Define & configure a cronjob which runs every 2 hours. It should identify all new alert summaries and do some retriggering/backfilling on them. It should have a retriggering & backfilling limit, established per day let's say, specified somewhere in the settings.py module.

Summaries which have been handled this way will be skipped on next cron run.

Tricky part of this: alert summaries could very likely contain many, many alerts. R/b-ing all of them would rapidly deplete that limit, so the cronjob should be a bit smarter than this.

It should know how to pick the most relevant alerts (a max of 5 let's say) and then retrigger them. More details on how to do that are provided in the attached document, under the Retrigger/backfill [2] section, with some extra mentionings.

The cronjob will target Raptor, Talos & AWSY test frameworks.
It should do a max of 600 retriggers per platform per day (that's the limit a full Code sheriff shift had in total)
It should have a special algorithm for picking which alerts to choose from.
This algorithm should consider these priorities, in this precise order:

regression > improvement
Windows 10 > Windows 7 > Linux > OSX > Android
percentage magnitude (how serious a particular alert is)
ideally, each selected alert should originate from a different platform

Joel Maher ( :jmaher ) (UTC -8)

Comment 1

•

5 years ago

a few questions:

if this is a cron job, how do we know if this wasn't done manually?
will there be any manual bisection expected
what if there was jobs backfilled from a previous cronjob? Will we double backfill and generate 2x as much data - how can we prevent that?
what about inbound vs autoland? what about beta alerts?

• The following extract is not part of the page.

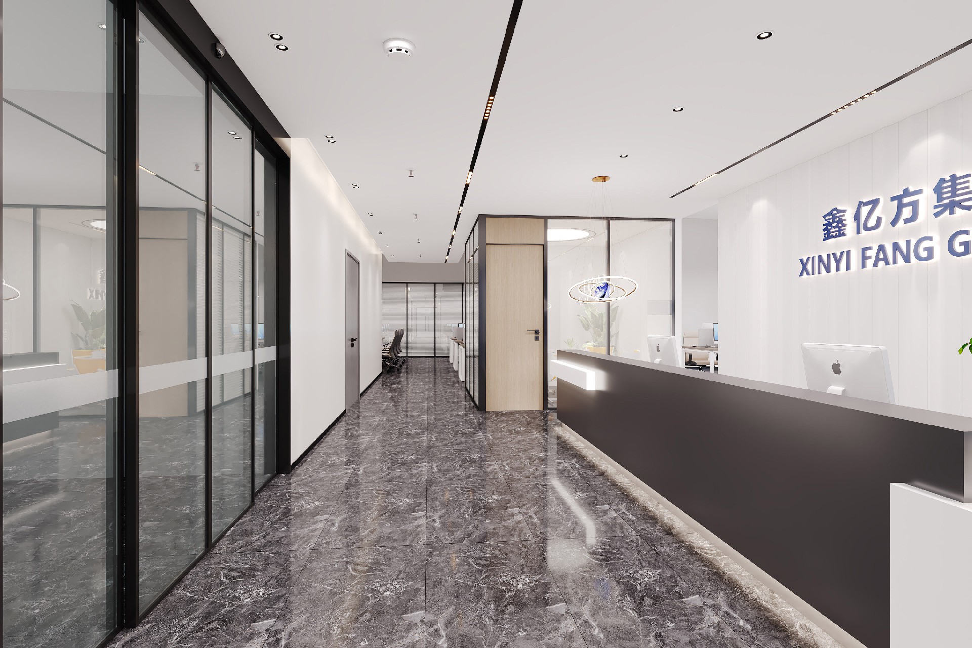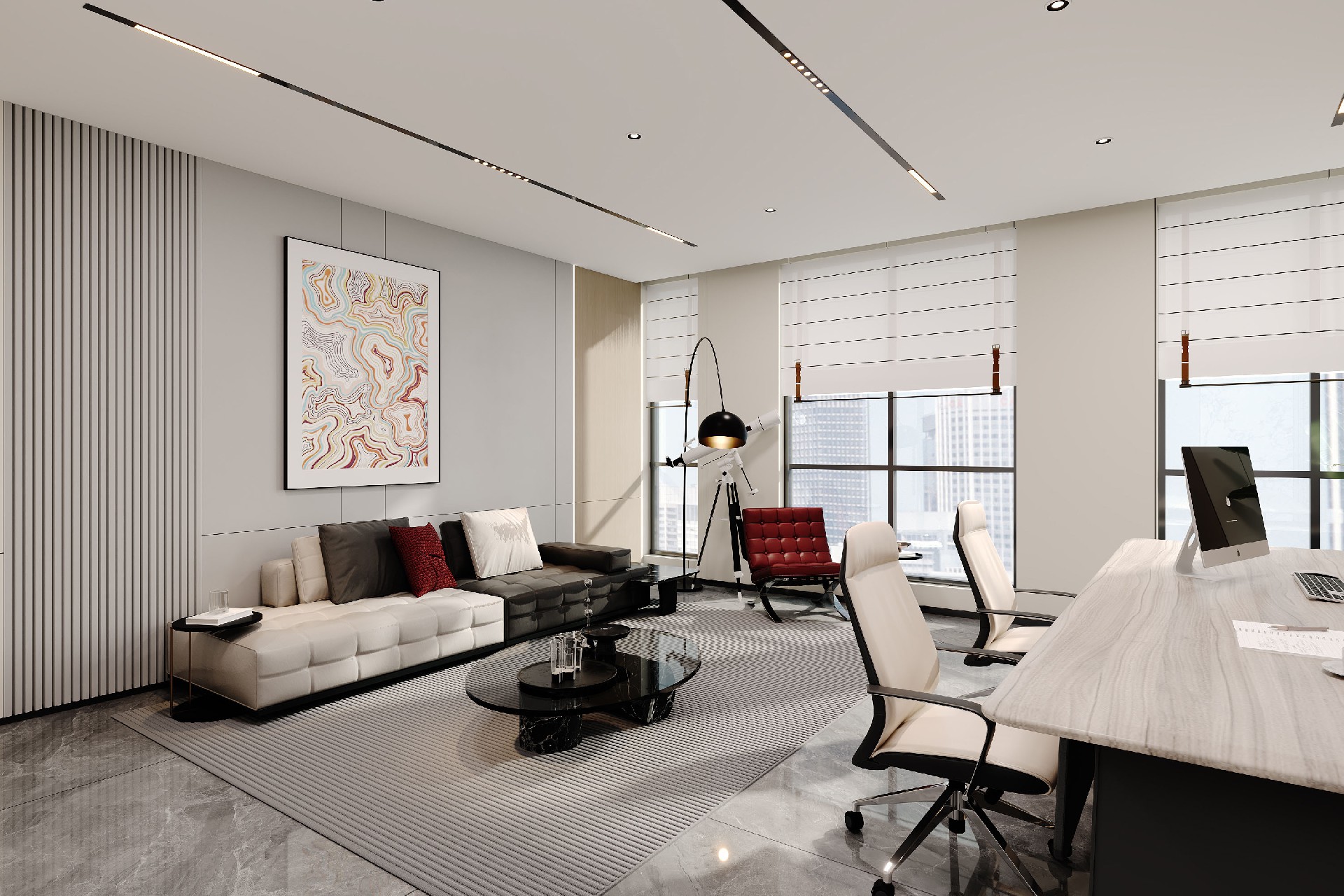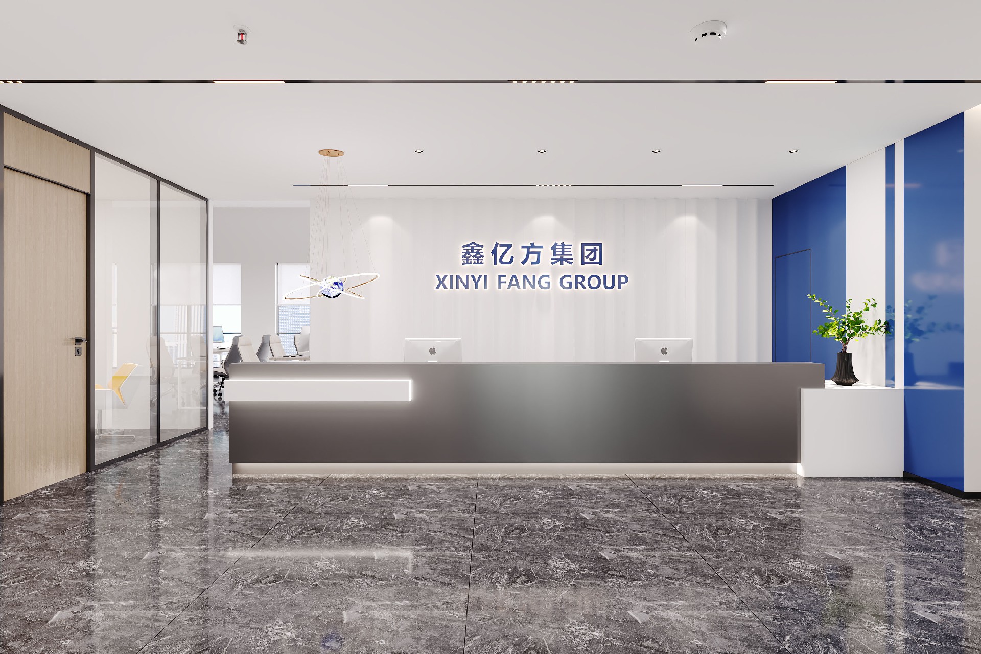 前台以深灰前台搭配发光品牌标识,第一眼便塑造清爽大气的企业形象;大面积玻璃隔断与大理石地面,延伸空间视野;科技展厅以线性灯带与纯白展柜,营造未来感展示氛围;总裁办公室则以温润木饰面与艺术陈设,打造沉稳高级的商务空间。整体以白、灰为主调,品牌蓝点缀,将专业、高效与科技感融入细节,为企业打造兼具形象力与实用性的现代化办公空间。

I think we can limit this to:

regressions only (not improvements)
all platforms, but maybe limit android to 100/day
5%+ regressions only
pick up to 3 jobs to backfill from a given summary

I think it wouldn't be hard to execute a taskcluster backfill action for a given job/revision from a cronjob or from inside of treeherder when we generate the alerts. I like the cronjob better as it gives a chance to allow for other alerts to come in and help focus on specific alerts instead of picking up every random alert. An hourly cron that looks at alerts generated at least an hour ago that haven't issued a backfill. Ideally marking the alerts table to indicate a backfill was issued.

A few exceptions I can think of which will cause missing data and require manual backfilling/work:

backfill job fails to execute (timed out, infra, bad params)
builds/jobs fail to execute, net result no data

Before doing this, having metrics of number of jobs executed as backfill would be useful to know- then we could track the cost of backfilling and efficiency of a script doing it vs a human.